İsmail Samani Türbesi’nin, şehrin UNESCO Dünya Mirası Listesi’nde yer almasında önemli bir rol oynadığı da Buhara ile ilgili bilgiler arasında yer almaktadır.

1535-1536 yılları arasında inşa edilen ve hala faaliyetini sürdüren Mir-i Arap Medresesi, çini mozaik işçiliğinin eşsiz örneklerine sahiptir. Tüm bunların yanında Buhara, İpek Yolu üzerinde bir ticaret merkezi olarak kullanılmıştır. Bu nedenle şehir; pazarlar, kervansaraylar ve kapalı çarşılara ev sahipliği yapmaktadır. Toqi Telpak, Tim Abdulla Han, Toqi Sarrofon Çarşısı ve Toqi Zargaron; günümüzde hala ticaret yapılan mekanlardır.

Buhara'nın Tarihi

Buhara’nın kuruluşu, tarih öncesi devirlere dayanmaktadır. MÖ 6. yüzyılda Buhara, İpek Yolu'nun ana şehirlerinden biri olarak gelişmiş ve bölgeye Ahamenişler ve Büyük İskender de dahil olmak üzere birçok istilacıyı çekmiştir. MS 9 ve 10. yüzyıllarda büyük gelişim gösteren Buhara, Samani İmparatorluğu'nun başkenti ve Orta Asya'nın kültürel merkezi haline gelmiştir. 1220'de ise Cengiz Han, Buhara'yı ele geçirmiştir. Daha sonra 1370'de, Timur İmparatorluğu'ndan Emir Timur yönetimi devralmıştır. 16. yüzyılda ise Şeybaniler kontrolü ele geçirmiş ve Buhara Hanlığı’nı kurmuştur.

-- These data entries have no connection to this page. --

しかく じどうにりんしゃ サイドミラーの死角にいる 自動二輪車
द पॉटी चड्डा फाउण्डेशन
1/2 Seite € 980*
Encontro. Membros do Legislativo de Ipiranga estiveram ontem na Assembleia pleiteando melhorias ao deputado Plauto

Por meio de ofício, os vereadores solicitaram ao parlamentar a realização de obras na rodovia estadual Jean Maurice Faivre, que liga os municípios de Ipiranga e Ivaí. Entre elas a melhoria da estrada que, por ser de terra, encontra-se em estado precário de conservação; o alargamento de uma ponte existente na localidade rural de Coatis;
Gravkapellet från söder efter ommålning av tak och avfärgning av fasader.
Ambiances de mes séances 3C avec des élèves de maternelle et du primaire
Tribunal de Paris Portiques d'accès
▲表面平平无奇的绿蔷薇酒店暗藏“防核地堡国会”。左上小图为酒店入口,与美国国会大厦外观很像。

Buhara; yüzün üzerinde medrese, üç yüzü aşkın cami, mescit, anıt ve türbe ile kurulduğu günden bu yana önemli bir kültür ve ticaret merkezi olmuştur. Birçok cami, sayısız çarşı ve kervansaraya ev sahipliği yapan Buhara’daki anıtların çoğu Şeybani dönemine aittir.

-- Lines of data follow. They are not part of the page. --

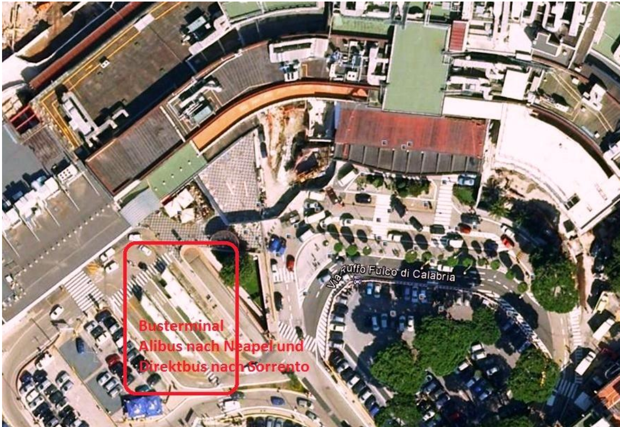
Abbildung 2: Flughafen Capodichino Napoli und Busterminal

9:00 / 10:00 / 11:00 / 12:00 / 13:00 / 14:30 / 15:30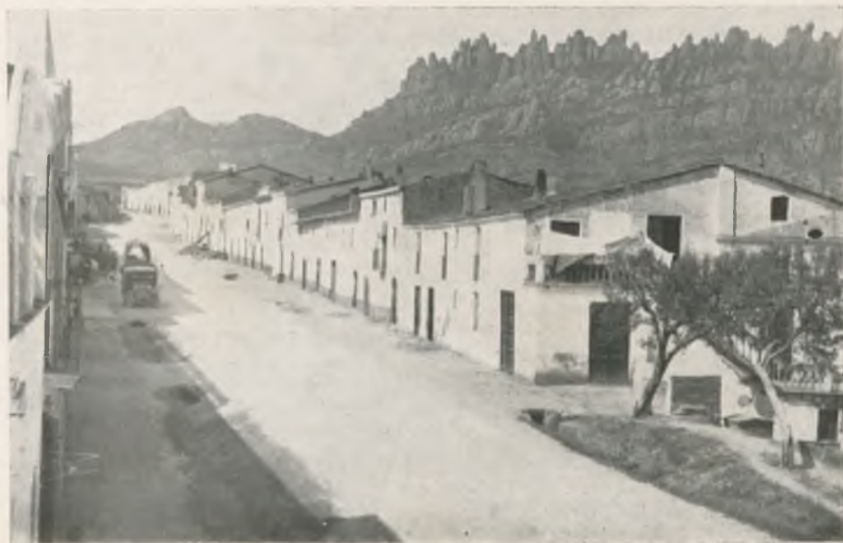
BRUC DEL MIG. — Detall de la població.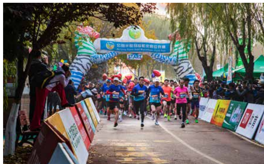
常营乡是北京著名的的体育之乡，一年一度的半程马拉松在常营公园已举办多年。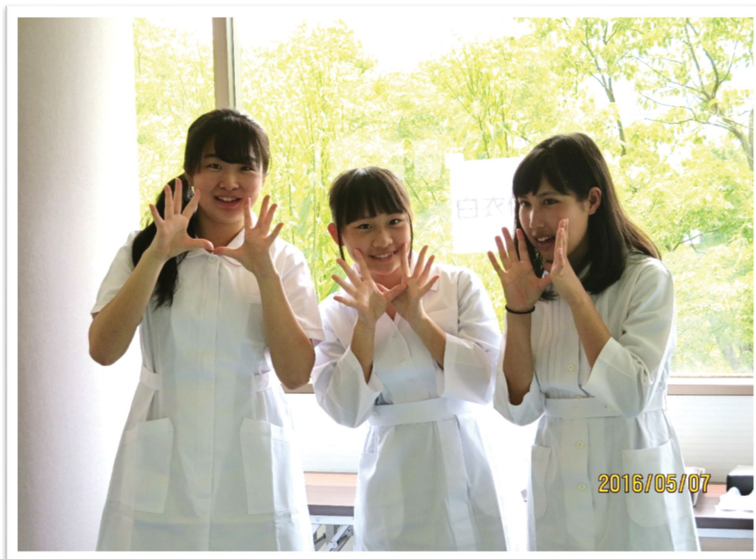
5月7日「看護の日」記念事業 白衣体験コーナーで 於:看護研修センター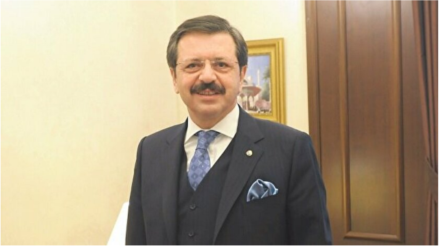
Türkiye Odalar ve Borsalar Birliği (TOBB) Başkanı Rifat Hisarcıkloğlu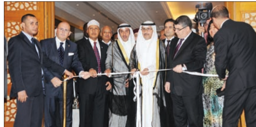
وكيل وزارة الخارجية بالإنابة السفير عبدالله المنصور يفتتح المعرض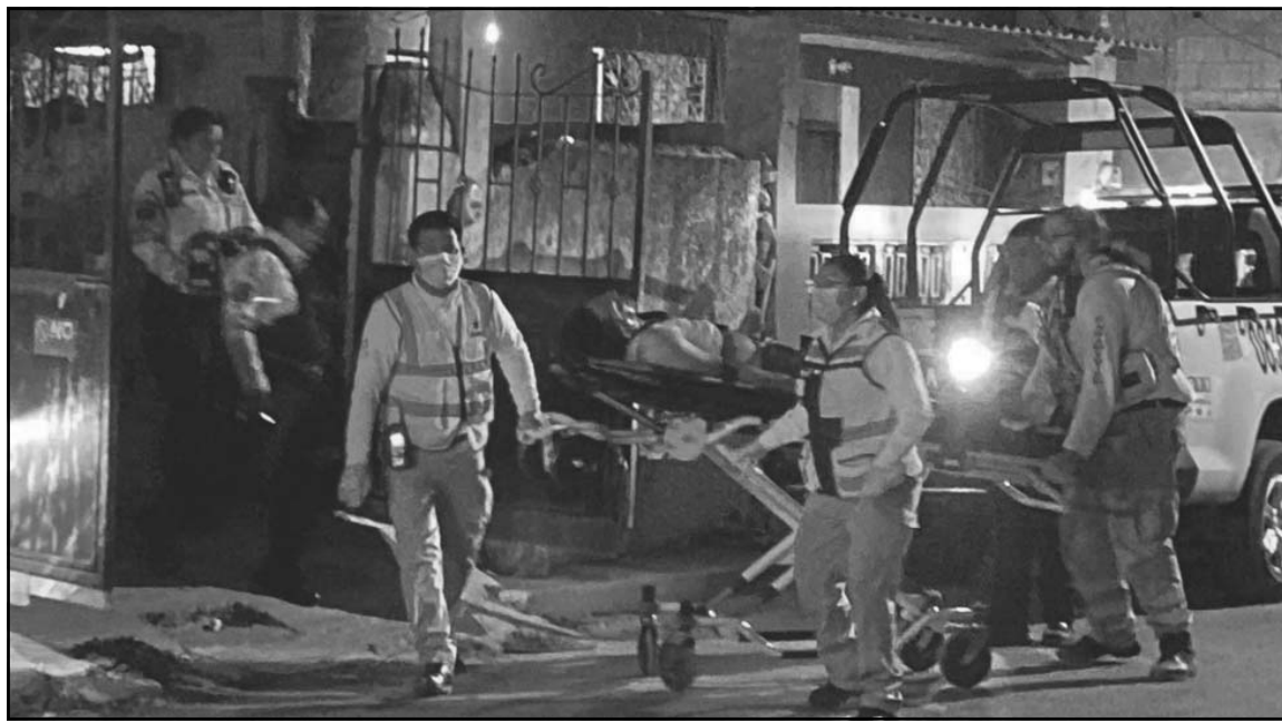
Su pareja y familiares lo descubrieron, lo descolgaron y solicitaron ayuda al número de emergencias.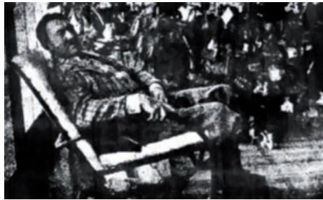
هتلر في حياته الهادئة.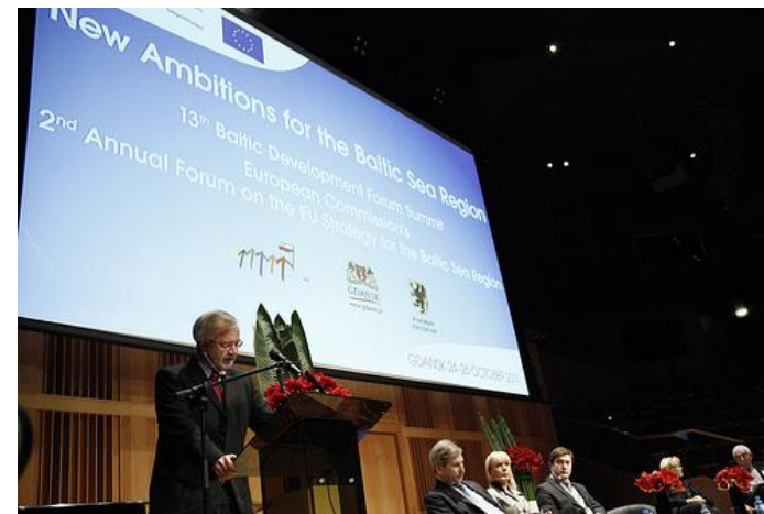
Foorumil pidas kõne Werner Hoyer, Saksamaa välisministeeriumi riigiminister

Läänemere Strateegia kolmandat aastafoorumit võõrustab 2012. aasta juunis järgmine Euroopa Liidu esistujamaa – Taani. Eestis on Läänemere Strateegia koordinaatoriks Välisministeerium.

18. yüzyılda, Mangıt emirleri yavaş yavaş hanlığın kontrolünü ele geçirmiş ve Buhara Emirliği'ni kurmuştur.

Şehir 19. yüzyılda Rus egemenliğine girmiş ve Özbekistan, 1924'te SSCB'nin bir parçası olmuştur. Pek çok farklı milletin hüküm sürdüğü Buhara, tarihi dokusunu korumayı başarmıştır. İslam dünyasının önemli isimlerinden Firdevsi, Rudaki ve İbn-i Sina da dahil olmak üzere birçok filozof, şair ve bilim adamı Buhara’da yetişmiştir.

Buhara’da günümüze ulaşan önemli anıtlar arasında, 10. yüzyıl mimarisinin hayatta kalan en iyi örneği olan ünlü İsmail Samani Türbesi öne çıkmaktadır. 11. yüzyıl Karahanlı döneminden kalma Magoki Attori Camii, Chashma Ayub Tapınağı ve tuğladan bir dekorasyon şaheseri olan olağanüstü Poi-Kalyan minaresi, şehrin sanat tarihi açısından önemli eserlerinin başında gelmektedir.

Buhara Denildiğinde İlk Akla Gelenler

Buhara’nın önemli sembollerinden biri olan ve 5. yüzyılda inşa edilen Ark Kalesi, tüm dünyada tanınan bir yapıdır. Ark, 1920 yılına kadar gerçek bir kale olarak hizmet vermiş ve birçok kez yıkılıp yeniden inşa edilmiştir. Bolşevikler Buhara'yı fethettikten sonra, kafirlerin eline geçmesi istenmediği için yapının bazı kısımlarının havaya uçurulduğu söylenmektedir. Kalenin etrafı 20 metrelik duvarlarla çevrelenmiştir ve bu duvarlar içerisinde kalan alan, yaklaşık 4 hektardır. Kalyan Külliyesi, Buhara'nın tarihi mücevheri olarak anılmakta ve pek çok turistin Buhara’yı ziyaret etme sebeplerinin başında gelmektedir. Külliye içerisinde dört ana yapı bulunmaktadır. Mir-i Arap Medresesi, Amir Alimhan Medresesi, Kalyan Cami ve Kalyan Minaresi’nden oluşan bu yapılar, ziyaretçileri muhteşem bir yolculuğa çıkarmaktadır.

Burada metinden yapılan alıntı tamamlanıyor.